The task
An exact, complete printout of the listing is wanted, minus its images.

Material provided

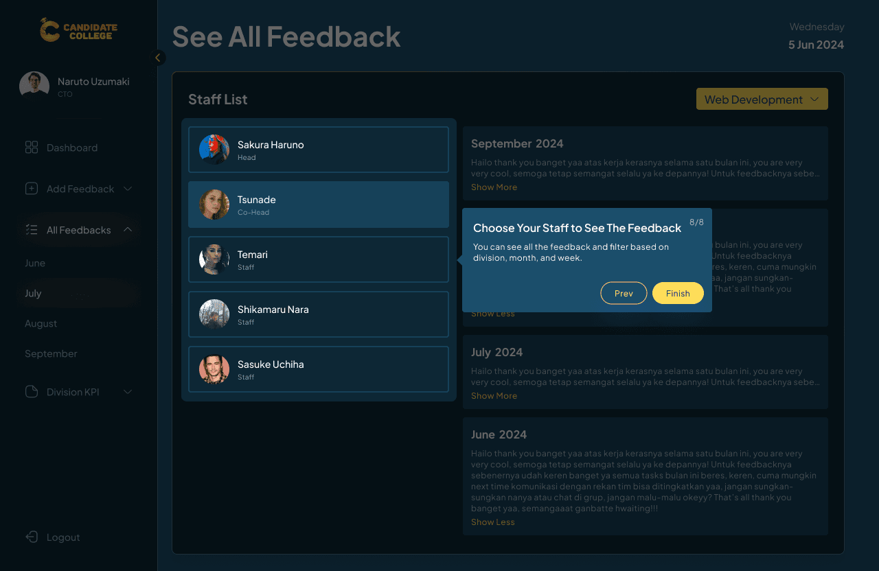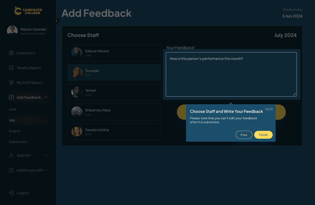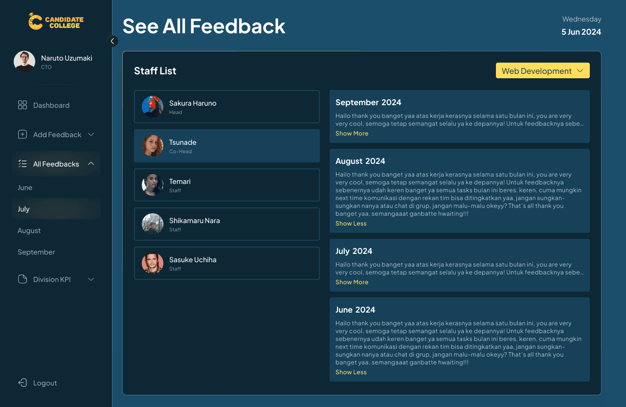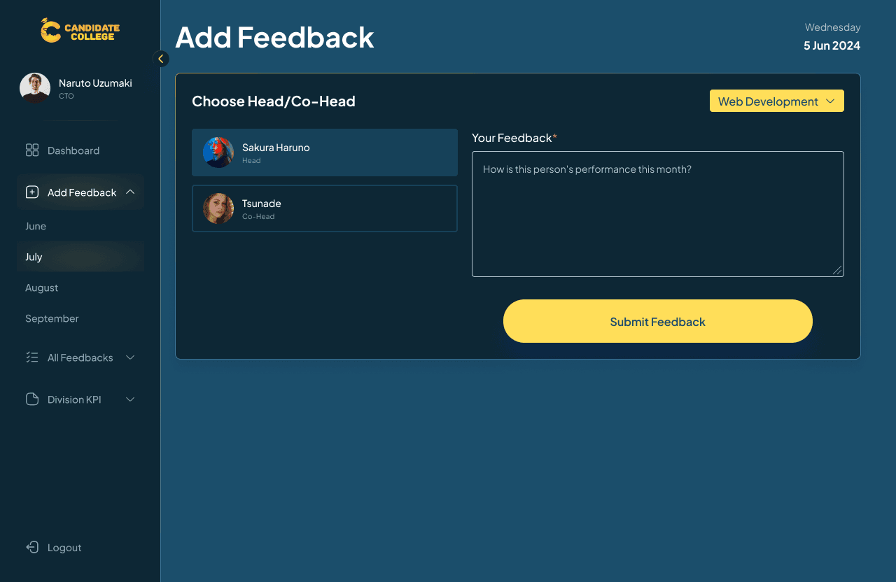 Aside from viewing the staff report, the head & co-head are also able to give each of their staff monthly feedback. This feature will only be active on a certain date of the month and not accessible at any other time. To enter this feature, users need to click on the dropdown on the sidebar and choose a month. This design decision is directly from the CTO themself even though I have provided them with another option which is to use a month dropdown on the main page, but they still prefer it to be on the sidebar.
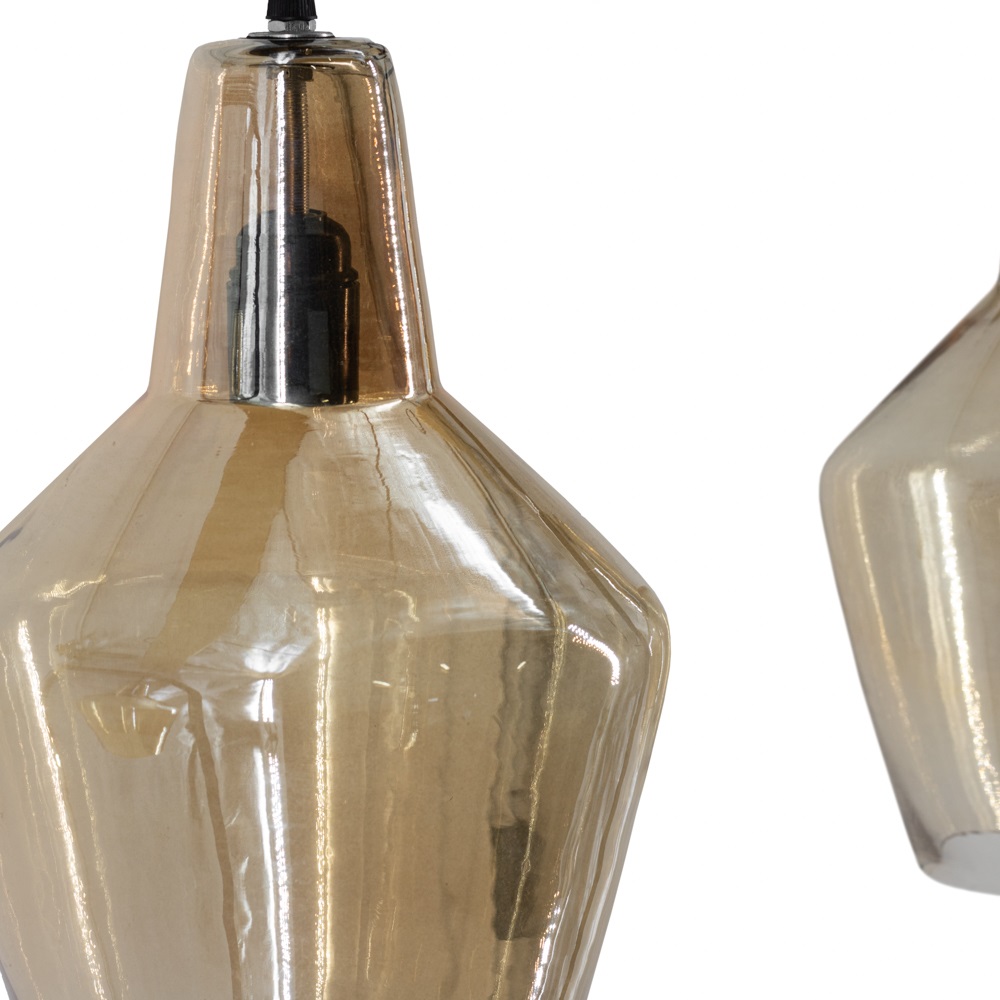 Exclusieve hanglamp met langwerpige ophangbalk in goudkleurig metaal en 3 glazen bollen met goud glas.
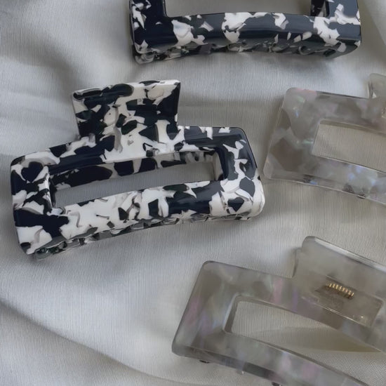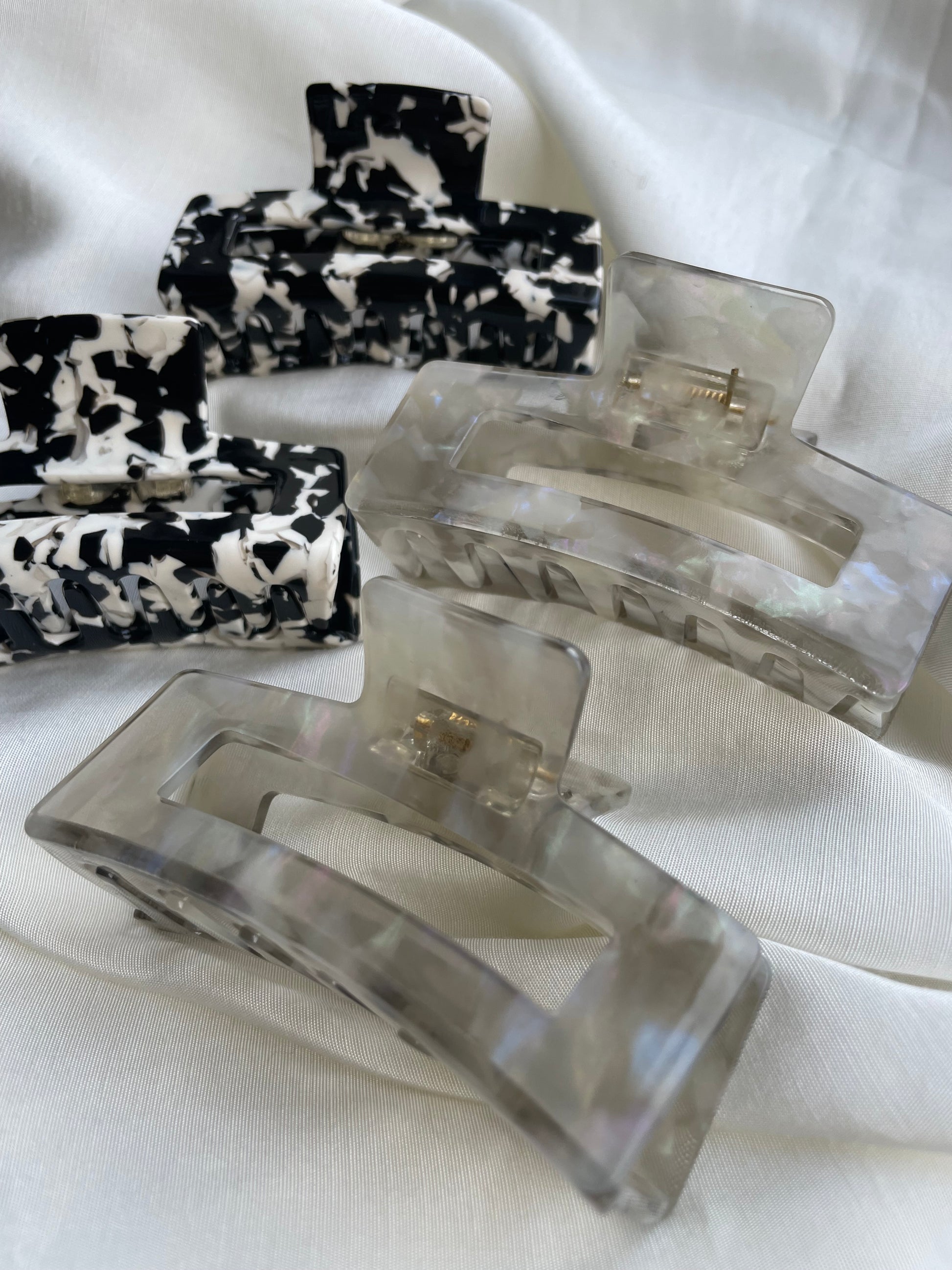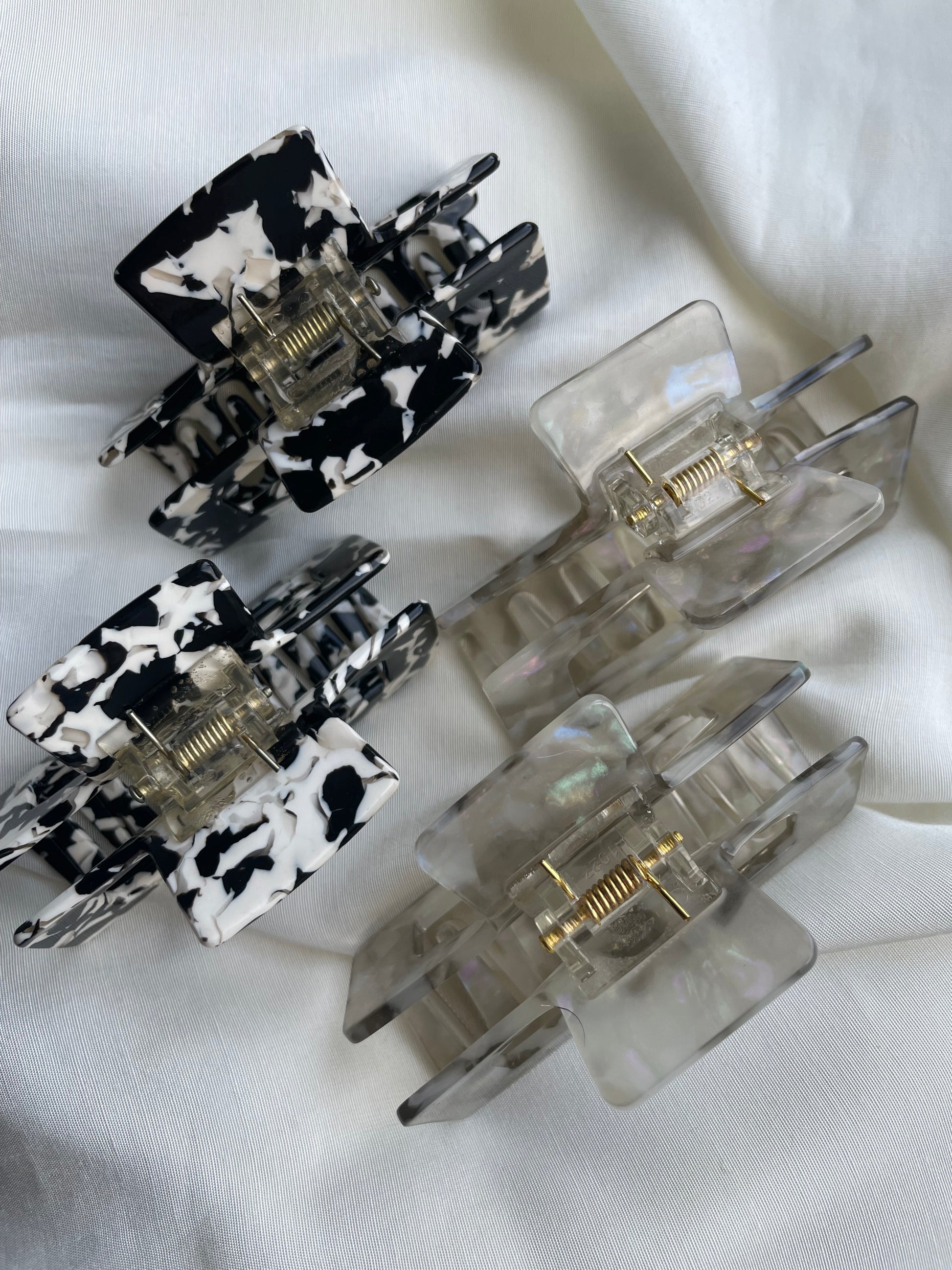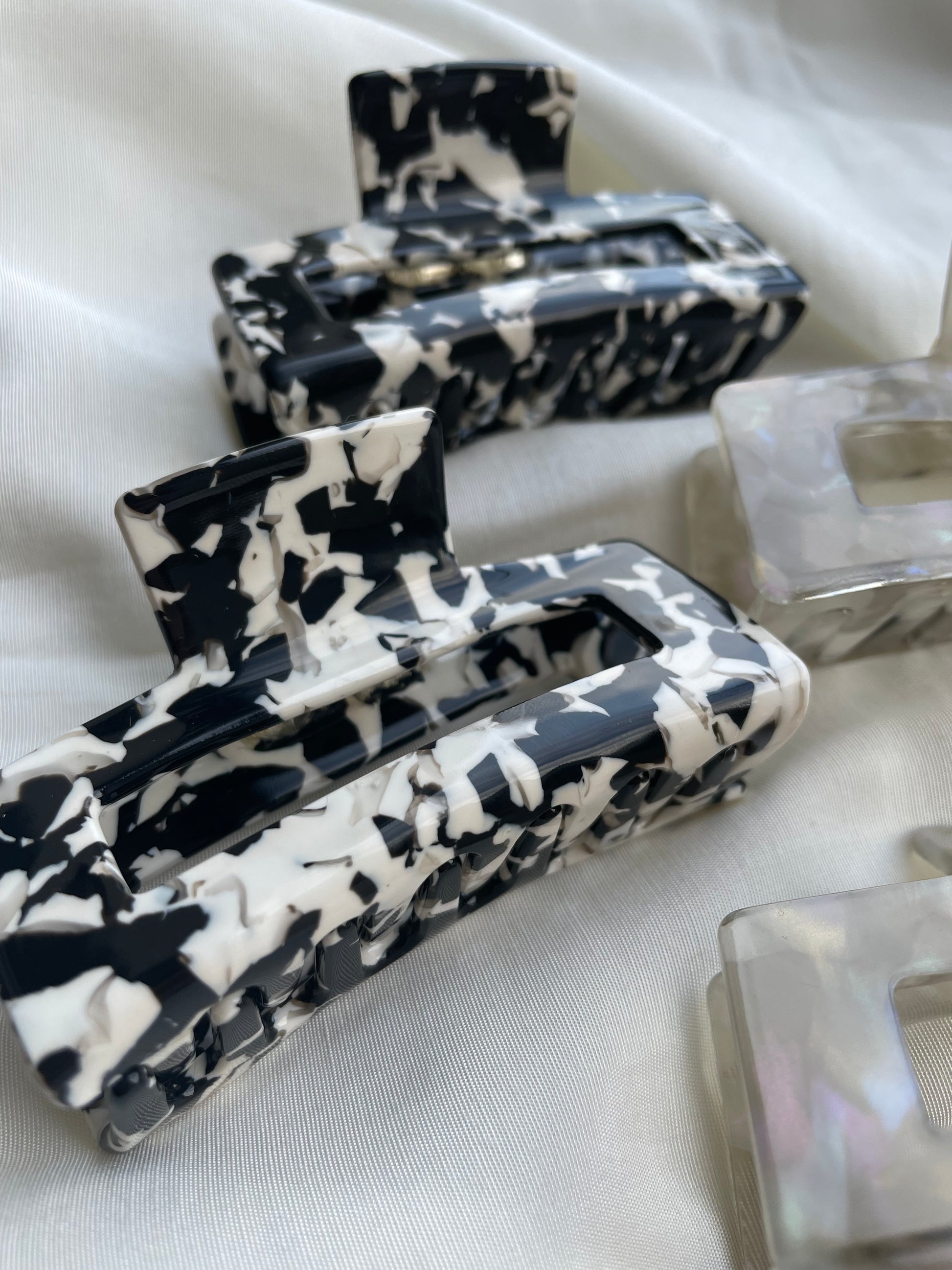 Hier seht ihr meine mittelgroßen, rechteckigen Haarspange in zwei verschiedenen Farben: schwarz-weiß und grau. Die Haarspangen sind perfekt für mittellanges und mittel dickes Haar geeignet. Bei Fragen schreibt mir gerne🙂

Task result
 Aside from viewing the staff report, the head & co-head are also able to give each of their staff monthly feedback. This feature will only be active on a certain date of the month and not accessible at any other time. To enter this feature, users need to click on the dropdown on the sidebar and choose a month. This design decision is directly from the CTO themself even though I have provided them with another option which is to use a month dropdown on the main page, but they still prefer it to be on the sidebar.
 Exclusieve hanglamp met langwerpige ophangbalk in goudkleurig metaal en 3 glazen bollen met goud glas.
 Hier seht ihr meine mittelgroßen, rechteckigen Haarspange in zwei verschiedenen Farben: schwarz-weiß und grau. Die Haarspangen sind perfekt für mittellanges und mittel dickes Haar geeignet. Bei Fragen schreibt mir gerne🙂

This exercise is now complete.